Errors = actual minus predicted values
Standard Error = standard deviation of errors
SSE =  Sum of Standard Error


```{r Evaluate forecast accuracy}
#Evaluate accuracy
accuracy(diet_fc_02, test[,1])
```



```{r How far away were our forecasts from real sales}
#Combine test data and the forecasts into a tibble dataframe
explanatory_data <- as_tibble(cbind(test, diet_fc_02))

#Make sure to use the back ticks when referencing the forecasts from the forecast model object
explanatory_data <- explanatory_data %>% 
  mutate(errors = test.Sales - `diet_fc_02.Point Forecast`,
         squared_error = (test.Sales - `diet_fc_02.Point Forecast`)^2)

#View results - Select only the relevant columns
explanatory_data %>% 
  select(test.Sales, `diet_fc_02.Point Forecast`, errors, squared_error)

#Calculate standard error across all forecasts
(standard_error <- sd(explanatory_data$errors, na.rm = TRUE))

#Calculate sse across all forecasts
(sse <- sum(explanatory_data$squared_error, na.rm = TRUE))
```
All of our forecasts were above actual sales (hence the negative errors).

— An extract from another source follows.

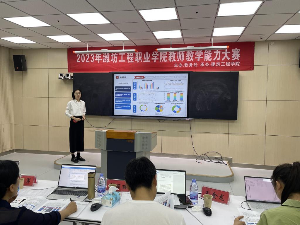 6月2日,教师教学能力比赛在立德楼303举行,本次比赛由教务处主办、建筑工程学院承办,面向全校教师全程线上直播。比赛设教学实施报告展示、无学生教学展示、专家现场点评3个环节。各参赛团队赛前进行了充分准备和设计,融入信息技术,比赛现场展现出了扎实的教学技能、进取的精神风貌和求实求新的教学态度。专家针对参赛团队的现场表现及参赛资料提出了改进意见,并鼓励大家以比赛为契机,认真打磨教学设计,突出学生本位,还原课堂本真,真正培养出高素质技术技能人才。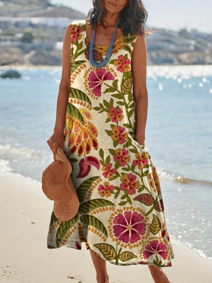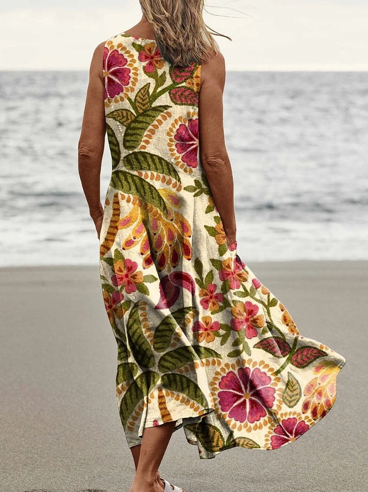 Retro Floral Print Pocket Crew Neck Vest Dress

Our forecast error was the lowest for month 34, slightly higher for month 35 and the absolute worst forecast was for month 36. There does appear to be an interaction between advertising and sales.


```{r Computing the mean absolute percentage error (MAPE) manually }
#Computing the mean absolute percentage error (MAPE)
mean(abs((explanatory_data$test.Sales-explanatory_data$`diet_fc_02.Point Forecast`)/explanatory_data$test.Sales)) * 100
```
Forecasts are off by on the test set 26% which is rather high and was much lower on the training set. This gives us the same result as the accuracy function from above, but there may be times you may need to manually calculate MAPE.